CHARLESTON, W.Va. — After a year of drama, representatives of the state Supreme Court were back before lawmakers.

Chief Justice Beth Walker presented the court system’s proposed $132 million budget. The court system is asking for about $7 million less than last year.

Context is everything.

The request follows historic controversy with the court that began with questions about expensive office renovations for several of the justices.

That led to the impeachment of all five of West Virginia’s Supreme Court justices, as well as federal charges against former justices Allen Loughry and Menis Ketchum, both of whom resigned last year.

The conflicts also contributed to the passage of a constitutional amendment giving the Legislature greater oversight of the judicial branch’s finances.

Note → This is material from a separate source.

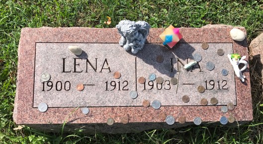 Not far away is the Stillinger family plot. Lena and Ina share the same stone. It, too, is covered in coins and trinkets.
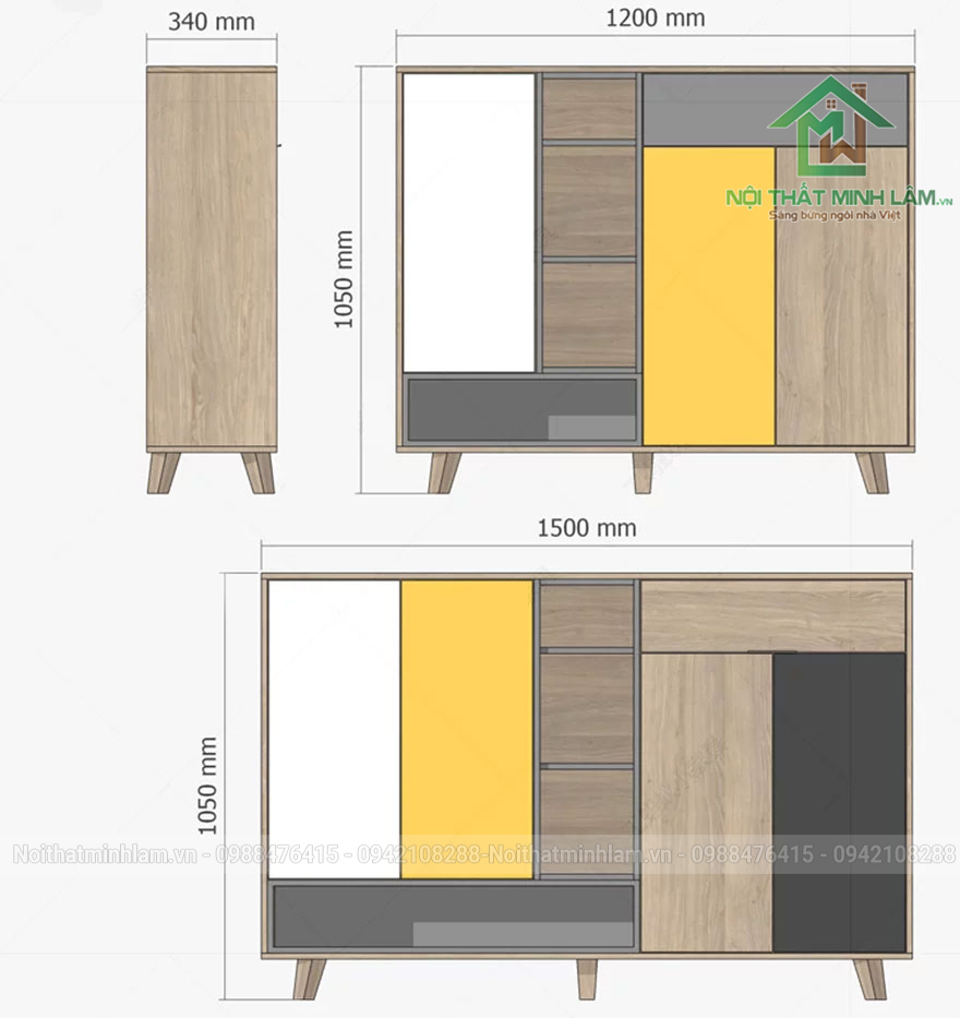 - Mẫu B: 1500 x 340 x 1050mm có giá bán: 3.500.000đ

Last year at this time, it was then-Chief Justice Loughry who was presenting the budget. At the time, he assured lawmakers the court was being responsible and transparent.

Some of his testimony wound up being used as evidence, both at the impeachment hearings and in federal court.

Walker, who was impeached and censured, gave the budget presentation this year.

“We want to be transparent, we want to be responsible,” Walker told senators.

She was accompanied by new justices Tim Armstead and Evan Jenkins, who were elected last fall, as well as John Hutchison, who was appointed. Justice Margaret Workman had a conflict and could not attend, Walker said.

The proposed judicial budget anticipates cutting spending overall. It does not ask for raises for judges, and it does not build in money for the intermediate court of appeals under discussion in the Senate.

“We’re trying to shore up what we’re doing to be consistent with the rest of state government,” Walker said.

“Even though we are a separate branch, it doesn’t mean it relieve us for one moment for the need to be responsible to the taxpayers and to you.”

The wild card that Walker had to contend with was a report about a probation officer who had used a state-issued purchasing card to buy a gift from Victoria’s Secret as an incentive for a juvenile drug court participant.

That issue arose Tuesday afternoon, not long before the budget presentation.

The court system was taken to task last fall for allowing purchasing cards to be used to buy gifts for drug court graduates.

The question then was how to apply responsibility to the specific purchases.

In 2016 and 2017, the drug courts under the Supreme Court bought 529 gift cards totaling about $105,000 with the state purchasing card, without permission from the state Auditor’s Office to do so.

Sue Racer Troy, the chief financial officer for the court system, was called to testify about her knowledge of the Victoria’s Secret purchase.

Like others, she didn’t yet know much, except that three items had been purchased.

“We should not be buying from Victoria’s Secret on pcards,” Racer Troy told senators.